Andacht vom 15.08.2007:
Von den Schwierigen
Wie kannst du zu deinem Bruder oder deiner Schwester sagen: ,Komm her, ich will dir den Splitter aus dem Auge ziehen', wenn du selbst einen ganzen Balken im Auge hast? Matthäus 7,4 (Gute Nachricht Bibel)
Wer ist nun schwierig: Miriam, die eine etwas extreme Frisur trägt oder ihre unablässig reglementierende Mutter, die ständig für Zoff sorgt? Wer ist schwierig: ich oder der andere? Was uns vielleicht an anderen stört, ist möglicherweise auch unsere Schwachstelle. Ist uns schon einmal aufgefallen, dass wir an anderen meist das kritisieren, womit wir selber Probleme haben?
Das Verhalten von Bruder S. oder Nachbar B. regt mich schon lange auf. Immer wieder erneut lege ich mir die Worte zurecht, um ihm bei passender Gelegenheit einmal richtig die Meinung zu sagen. Was passiert dabei in unserer Seele? Lieblose Gedanken wachsen wie Unkraut und gefährden unseren inneren Frieden und die Beziehung zu Gott.
Um uns davor zu bewahren, machte Jesus mehrere Vorschläge: "Zieh doch zuerst den Balken aus deinem eigenen Auge!" (Mt 7,5 GNB) Und wenn es tatsächlich am anderen liegt: "Liebet eure Feinde und betet für alle, die euch verfolgen." (Mt 5,44 GNB) Wenn ich anfange, für jemanden zu beten, der mir auf die Nerven geht, ist mir ein wichtiger Schritt geglückt. Das verändert nämlich mich.
Sehr oft will Gott "schwierige" Menschen auch als Schleifsteine gebrauchen. So erging es Anne.
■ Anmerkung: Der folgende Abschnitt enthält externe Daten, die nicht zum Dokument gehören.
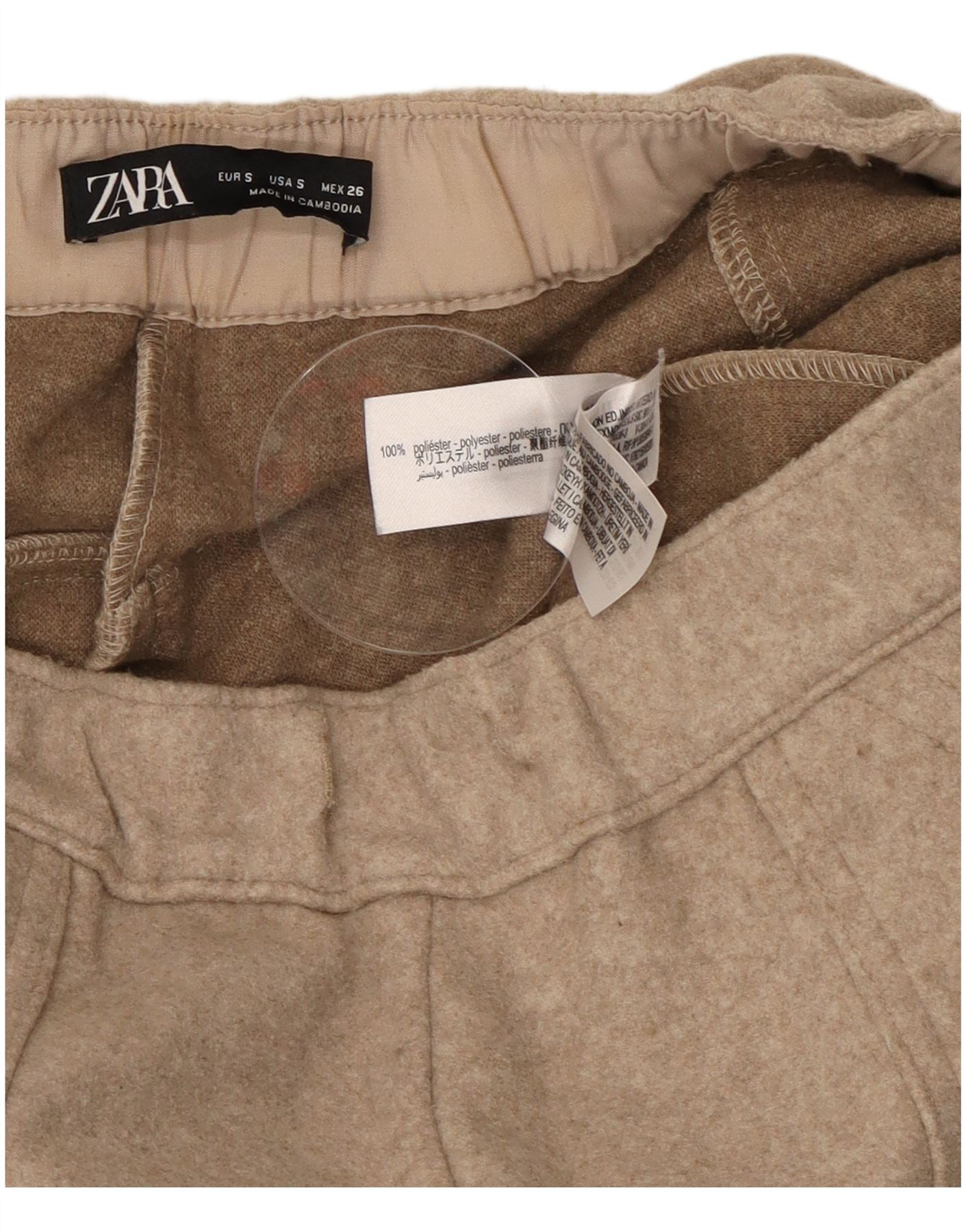 Zara Calça feminina casual de perna larga pequena W26 L29 poliéster bege

Während ihrer Ausbildung besaß sie eine kleine abgeschlossene Wohnung im Hause von Frau K. Obwohl Anne bereits 20 Jahre alt war, behielt es sich Frau K. vor, in ihrer Abwesenheit Kontrollgänge durchzuführen: Ist das Bett gemacht, wurde das Geschirr aufgewaschen? Ist der Mülleimer gelehrt? Eigentlich eine Unverschämtheit, und Anne hat über dieses Verhalten keinesfalls jubiliert. Rückblickend konnte sie dafür aber danken. Frau K. hat ihr geholfen, fürs Leben zu lernen.
So genannte schwierige Menschen sind ein Gradmesser unserer Liebe. Es ist kein Kunststück, mit pflegeleichten Leuten auszukommen (siehe V. 47). Jesus erinnert auch uns in der Bergpredigt: Gott "lässt seine Sonne scheinen auf böse Menschen wie auf gute und er lässt es regnen auf alle, ob sie ihn ehren oder verachten" (V. 45 GNB).
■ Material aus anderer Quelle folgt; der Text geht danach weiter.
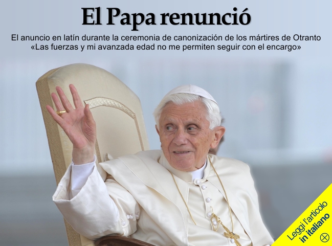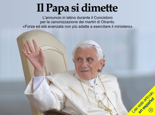 Joseph Ratzinger nació el 16 de abril de 1927 y fue elegido Papa por el Cónclave el 19 de abril de 2005, tras la muerte de Juan Pablo II. «Un anuncio totalmente inesperado», comenta el decano del Colegio Cardenalicio, Angelo Sodano, al comentar la decisión de Benedicto XVI. No se hicieron esperar, además, las reacciones políticas, empezando por el primer ministro Mario Monti: «Me impresionó sobremanera esta noticia». El flash de ANSA de las 11:46 (04:46 en la Ciudad de México), que anunció la renuncia del Papa, dio en pocos minutos la vuelta al mundo. Antes que nadie la agencia Reuters, después CNN y Al Arabiya, France Presse, las británicas Telegraph y BBC y finalmente Sky News difundieron la noticia incluso antes de la llegada de la confirmación del Vaticano. Miles de tweets sobre el tema, desde Europa hasta Asia y Oriente Medio.

Verabschieden wir uns von der Illusion, schwierige Menschen ändern zu wollen. Beten wir lieber: "Herr, gibt mir die Fähigkeit, alle Menschen anzunehmen, wie sie sind." Vielleicht ist das ja gerade heute dringend nötig und würde uns und ihnen gut tun.
Wilfried Krause
Quelle: Andachtsbuch des Advent-Verlags Lüneburg - mit freundlicher Genehmigung.